Task: Type out the data exactly as given. Skip any image.

Records for the exercise:

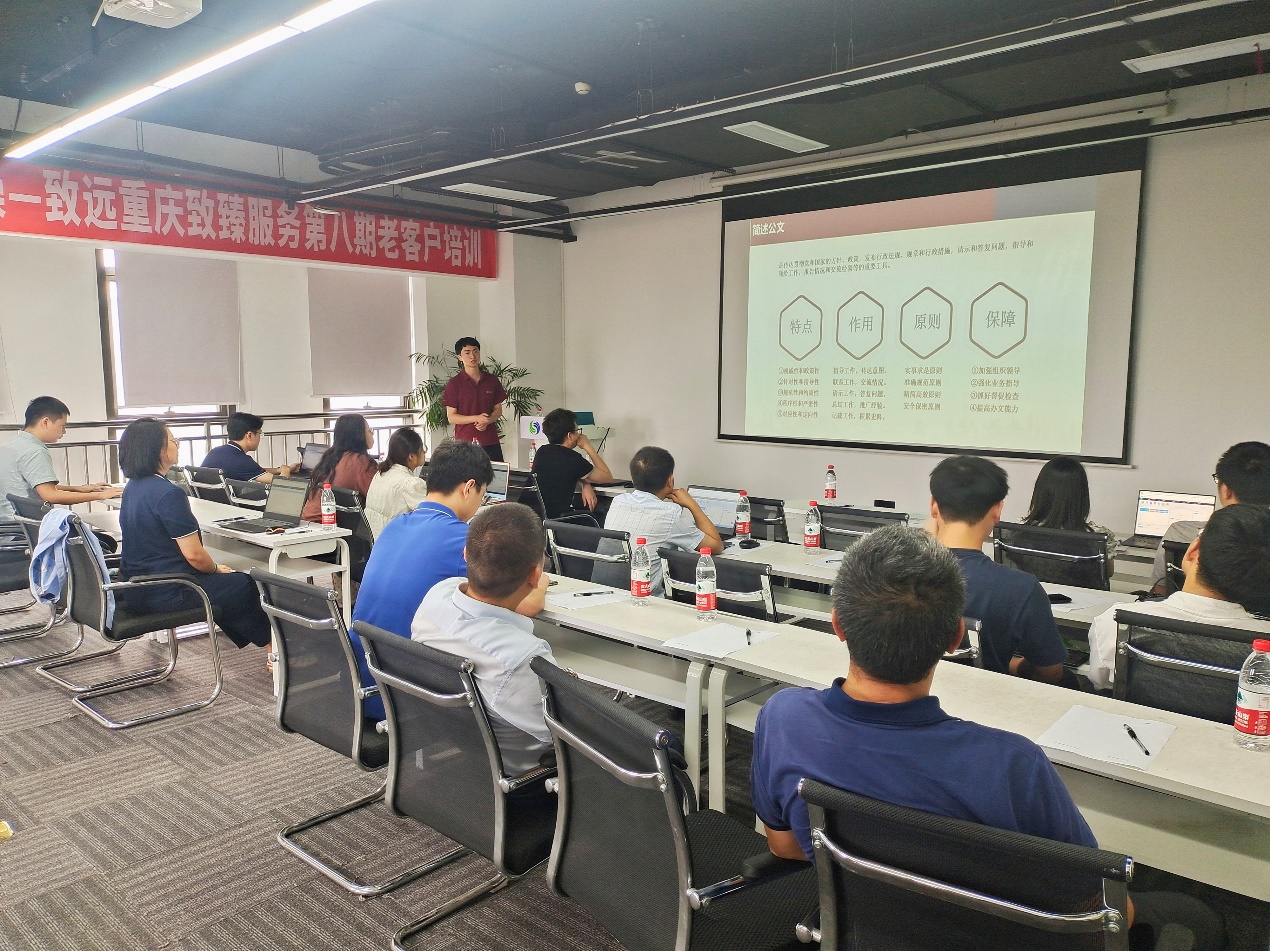 9月13日,致远互联重庆区举办了第八场致臻服务客户培训活动,此次培训围绕“公文管理制作分享与实操”展开。本次培训活动共吸引近20家客户到场,讲师详细讲解了公文CAP3以及公文CAP4的制作与维护,以帮助老客户能够更熟练利用平台进行公文管理与制作,提升其工作效率。
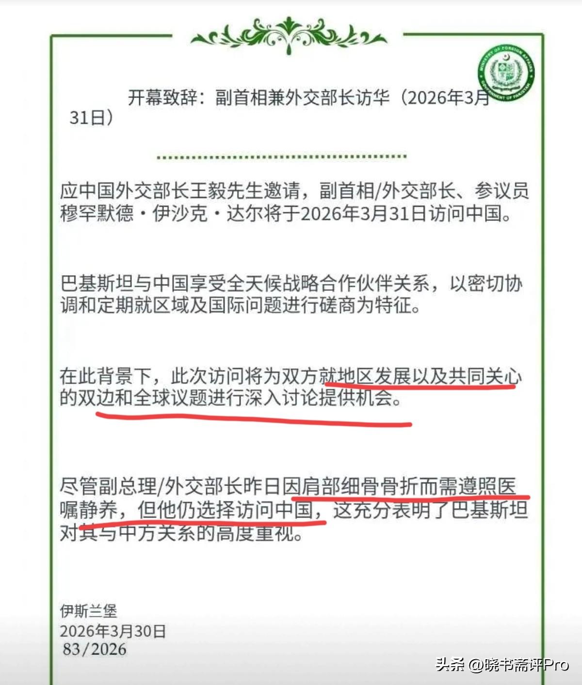 带着肩部细骨骨折也要来中国访问,巴基斯坦直话直说,我们对与中方的关系高度重视。3月30日,巴基斯坦方面发布消息称,应中国外交部长王毅先生邀请,副首相兼外交部长达尔将于2026年3月31日访问中国。巴基斯坦方面透露称,尽管外交部长达尔昨日因肩部细骨骨折,而需遵照医嘱静养,但他仍选择访问中国。 巴方表示,此举这充分表明了巴基斯坦对其与中方关系的高度重视,而访华的目的就是就地区发展以及共同关心的双边和全球议题进行深入讨论提供机会。很显然,面对我们的邀访,巴基斯坦外长虽然身体有恙,但是仍坚持动身访问中国,这种态度,值得给予高度肯定。 为什么巴基斯坦外长马不停蹄的要来华访问呢?这恐怕原因有四,其一,这是向我们传递出一种强烈的信号,也就是无论国际局势如何变幻,中巴关系的核心地位不会动摇,这样的访问可以说是一次政治表态。其二,巴基斯坦国内面临一系列的困难,比如债务问题,金融稳定问题。与此同时,巴基斯坦还希望我们继续加大中巴经济走廊在基础设施,能源设施等方面的投资。 其三,巴基斯坦希望就区域重点问题跟我们进行磋商,这包括巴基斯坦与阿富汗近期的冲突,印巴紧张关系,以及眼下的中东局势等等。其四,巴基斯坦既希望我们为其安全保障作背书,也希望我们支持巴基斯坦斡旋当下中东局势。事情是明摆着的,当下紧张局势,巴基斯坦既是调停者,也面临卷入的风险,背靠中国,巴基斯坦会更加的有底气。很显然,此次巴基斯坦外长来访,是一次很重要的访问,预期双方会取得一系列的成果。
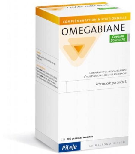 Complément alimentaire à utiliser dans le cadre d’une alimentation variée, équilibrée et d’un mode de vie sain.Omegabiane oméga 3-6-9 est un complément alimentaire à base d'huiles de poissons (560 mg pour 2 capsules) et de bourrache (460 mg pour 2 capsules). Omegabiane oméga 3-6-9 est riche en acides gras insaturés et apporte une source d'oméga 3 qui contribue notamment au bon fonctionnement du système cardiovasculaire.IngrédientsHuile de POISSONS (capelan (51% minimum), hareng, sébaste), huile de bourrache Borago offinicalis (graines) (28%), capsule (gélatine de POISSON, humectant : glycérol), anti-oxydant : extrait de romarin Rosmarinus officinalis (feuilles) et vitamine E.Allergènes : Poisson.Conseils d'utilisation2 capsules par jour à avaler avec un grand verre d'eau, de préférence pendant les repas.Précautions d'emploiConserver dans un endroit frais et sec.Tenir hors de portée des jeunes enfants.Ne pas dépasser la dose recommandée.Poids net100 capsulesAdresse du FabricantPiLeJe Benelux,The Nestwork,Avenue de Broqueville 12,1150 BruxellesBelgique ...
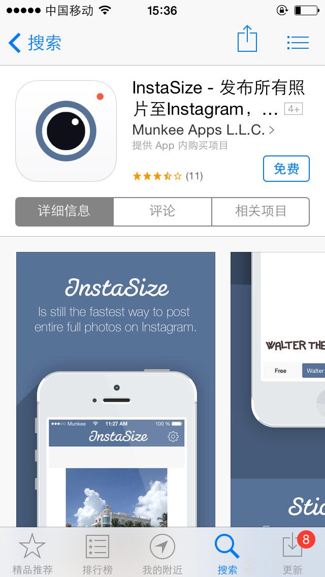 因为Instagram的成功,手机上的商城里也会有各种各样的围绕它而生的手机应用,可以弥补Instagram本身的一些不足,使得用户能够实现更多的想法。比如Squaready。
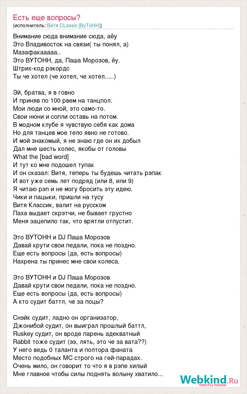 Внимание сюда внимание сюда, аёу Это Владивосток на связи( ты понял, а) Мазафакааааа.. Это ВУТОНН, да, Паша Морозов, ёу. Штрих-код рэкордс Ты че хотел (че хотел, че хотел.....) Эй, братва, я в говно И приняв по 100 рвем на танцпол. Мои люди со мной, это само-то. Свои нюни и сопли оставь на потом. В модном клубе я чувствую себя как дома Но для танцев мое тело явно не готово. И мой знакомый, я не знаю где он их добыл Дал мне шесть колес, якобы от головы What the [bad word] И тут ко мне подошел тупак И он сказал: Витя, теперь ты будешь читать рэпак И вот уже семь лет подряд (или 8, или 9) Я читаю рэп и не могу бросить эту идею. Чики и пацыки, пришли на тусу Витя Классик, валит на русском Паха выдает скрэтчи, не бывает грустно Меня зацепило так, что врятли отпустит. Это ВУТОНН и DJ Паша Морозов Давай крути свои педали, пока не поздно. Еще есть вопросы (да, есть вопросы) Нахрена ты принес мне свои колеса. Это ВУТОНН и DJ Паша Морозов Давай крути свои педали, пока не поздно. Еще есть вопросы (да, есть вопросы) А кто судит баттл, че за поцы? Снэйк судит, ладно он организатор, Джонибой судит, он выиграл прошлый баттл, Ruskey судит, он вроде парень адекватный Rabbit тоже судит (ээ, лять, это че за вата??) У него ведь 0 таланта и полтора фаната Место подобных МС строго на гей-парадах. Очень мило, он говорит то что я в рэпе хилый Мне главное чтобы силы поднять волыну хватило...
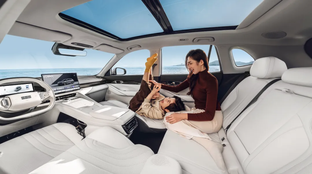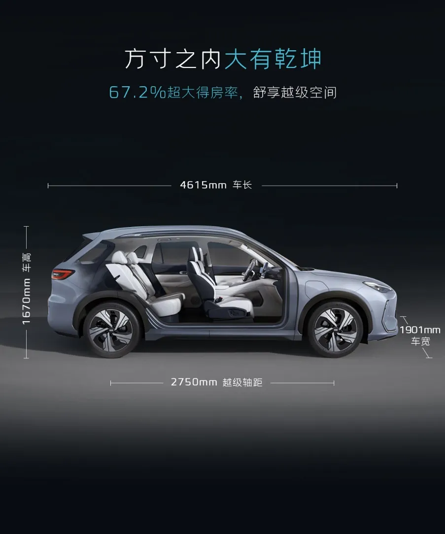 吉利银河E5拥有A级车的4615×1901×1670mm车身尺寸和2750mm的轴距,却带来B级车的空间体验。高达67.2%的超大“得房率”,1891mm的舱内有效车长,让身高1.8m的乘客坐在后排,也能随意翘起二郎腿。车内使用面积可达4.03㎡,比同级多一张办公桌的面积。

Solution for this problem:
 9月13日,致远互联重庆区举办了第八场致臻服务客户培训活动,此次培训围绕“公文管理制作分享与实操”展开。本次培训活动共吸引近20家客户到场,讲师详细讲解了公文CAP3以及公文CAP4的制作与维护,以帮助老客户能够更熟练利用平台进行公文管理与制作,提升其工作效率。
 带着肩部细骨骨折也要来中国访问,巴基斯坦直话直说,我们对与中方的关系高度重视。3月30日,巴基斯坦方面发布消息称,应中国外交部长王毅先生邀请,副首相兼外交部长达尔将于2026年3月31日访问中国。巴基斯坦方面透露称,尽管外交部长达尔昨日因肩部细骨骨折,而需遵照医嘱静养,但他仍选择访问中国。 巴方表示,此举这充分表明了巴基斯坦对其与中方关系的高度重视,而访华的目的就是就地区发展以及共同关心的双边和全球议题进行深入讨论提供机会。很显然,面对我们的邀访,巴基斯坦外长虽然身体有恙,但是仍坚持动身访问中国,这种态度,值得给予高度肯定。 为什么巴基斯坦外长马不停蹄的要来华访问呢?这恐怕原因有四,其一,这是向我们传递出一种强烈的信号,也就是无论国际局势如何变幻,中巴关系的核心地位不会动摇,这样的访问可以说是一次政治表态。其二,巴基斯坦国内面临一系列的困难,比如债务问题,金融稳定问题。与此同时,巴基斯坦还希望我们继续加大中巴经济走廊在基础设施,能源设施等方面的投资。 其三,巴基斯坦希望就区域重点问题跟我们进行磋商,这包括巴基斯坦与阿富汗近期的冲突,印巴紧张关系,以及眼下的中东局势等等。其四,巴基斯坦既希望我们为其安全保障作背书,也希望我们支持巴基斯坦斡旋当下中东局势。事情是明摆着的,当下紧张局势,巴基斯坦既是调停者,也面临卷入的风险,背靠中国,巴基斯坦会更加的有底气。很显然,此次巴基斯坦外长来访,是一次很重要的访问,预期双方会取得一系列的成果。
 Complément alimentaire à utiliser dans le cadre d’une alimentation variée, équilibrée et d’un mode de vie sain.Omegabiane oméga 3-6-9 est un complément alimentaire à base d'huiles de poissons (560 mg pour 2 capsules) et de bourrache (460 mg pour 2 capsules). Omegabiane oméga 3-6-9 est riche en acides gras insaturés et apporte une source d'oméga 3 qui contribue notamment au bon fonctionnement du système cardiovasculaire.IngrédientsHuile de POISSONS (capelan (51% minimum), hareng, sébaste), huile de bourrache Borago offinicalis (graines) (28%), capsule (gélatine de POISSON, humectant : glycérol), anti-oxydant : extrait de romarin Rosmarinus officinalis (feuilles) et vitamine E.Allergènes : Poisson.Conseils d'utilisation2 capsules par jour à avaler avec un grand verre d'eau, de préférence pendant les repas.Précautions d'emploiConserver dans un endroit frais et sec.Tenir hors de portée des jeunes enfants.Ne pas dépasser la dose recommandée.Poids net100 capsulesAdresse du FabricantPiLeJe Benelux,The Nestwork,Avenue de Broqueville 12,1150 BruxellesBelgique ...
 因为Instagram的成功,手机上的商城里也会有各种各样的围绕它而生的手机应用,可以弥补Instagram本身的一些不足,使得用户能够实现更多的想法。比如Squaready。
 Внимание сюда внимание сюда, аёу Это Владивосток на связи( ты понял, а) Мазафакааааа.. Это ВУТОНН, да, Паша Морозов, ёу. Штрих-код рэкордс Ты че хотел (че хотел, че хотел.....) Эй, братва, я в говно И приняв по 100 рвем на танцпол. Мои люди со мной, это само-то. Свои нюни и сопли оставь на потом. В модном клубе я чувствую себя как дома Но для танцев мое тело явно не готово. И мой знакомый, я не знаю где он их добыл Дал мне шесть колес, якобы от головы What the [bad word] И тут ко мне подошел тупак И он сказал: Витя, теперь ты будешь читать рэпак И вот уже семь лет подряд (или 8, или 9) Я читаю рэп и не могу бросить эту идею. Чики и пацыки, пришли на тусу Витя Классик, валит на русском Паха выдает скрэтчи, не бывает грустно Меня зацепило так, что врятли отпустит. Это ВУТОНН и DJ Паша Морозов Давай крути свои педали, пока не поздно. Еще есть вопросы (да, есть вопросы) Нахрена ты принес мне свои колеса. Это ВУТОНН и DJ Паша Морозов Давай крути свои педали, пока не поздно. Еще есть вопросы (да, есть вопросы) А кто судит баттл, че за поцы? Снэйк судит, ладно он организатор, Джонибой судит, он выиграл прошлый баттл, Ruskey судит, он вроде парень адекватный Rabbit тоже судит (ээ, лять, это че за вата??) У него ведь 0 таланта и полтора фаната Место подобных МС строго на гей-парадах. Очень мило, он говорит то что я в рэпе хилый Мне главное чтобы силы поднять волыну хватило...
 吉利银河E5拥有A级车的4615×1901×1670mm车身尺寸和2750mm的轴距,却带来B级车的空间体验。高达67.2%的超大“得房率”,1891mm的舱内有效车长,让身高1.8m的乘客坐在后排,也能随意翘起二郎腿。车内使用面积可达4.03㎡,比同级多一张办公桌的面积。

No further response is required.